Speed up the memory allocation and improve the GC performance, especially for dynamic-memory-heavy applications.
NOTE: need go1.18+.
- A large amount of memory never needs to be released. (global configs, read-only assets like navmesh)
- Massive temporary objects with deterministic lifetime. (protobuf objects sent to network)
Linear allocator:
- Mush faster on memory allocating.

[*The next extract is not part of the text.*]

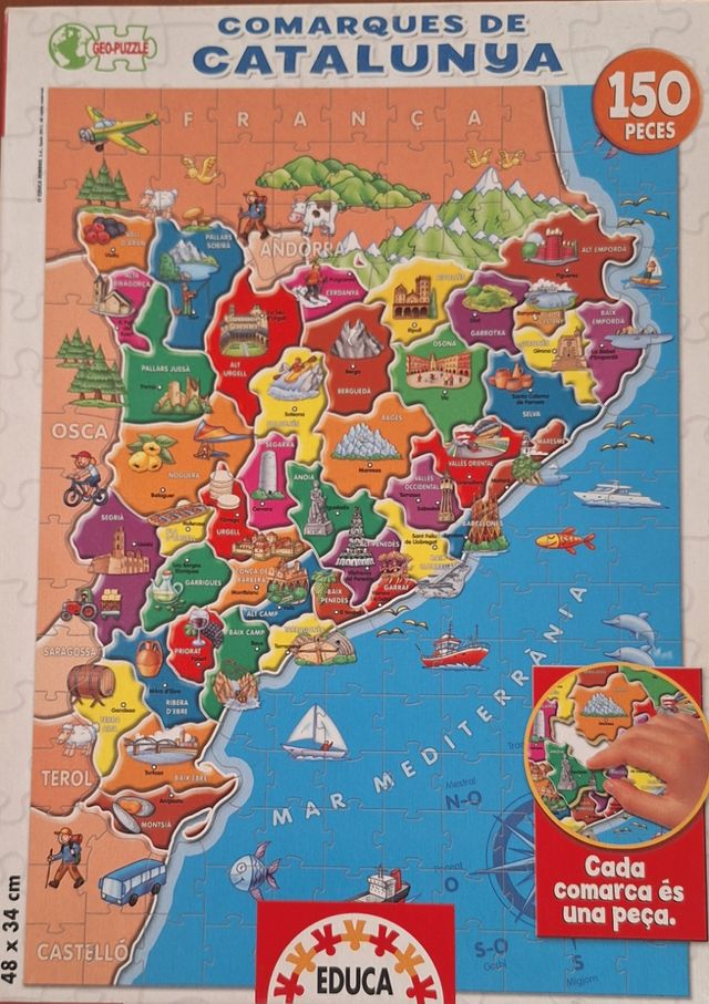 Puzzle educativo de las comarcas de Catalunya. - 150 piezas. - Ilustraciones detalladas de cada comarca. - Incluye mapa de las comarcas de Catalunya.

An allocation is just a pointer advancement internally.
- Can greatly reduce the object marking pressure of GC. Lac is just a few byte arrays internally.
- More general. Lac can allocate various types of objects.
- Much simpler and faster on reclaiming memories. No need to manually release every object back but just reset the allocation cursor.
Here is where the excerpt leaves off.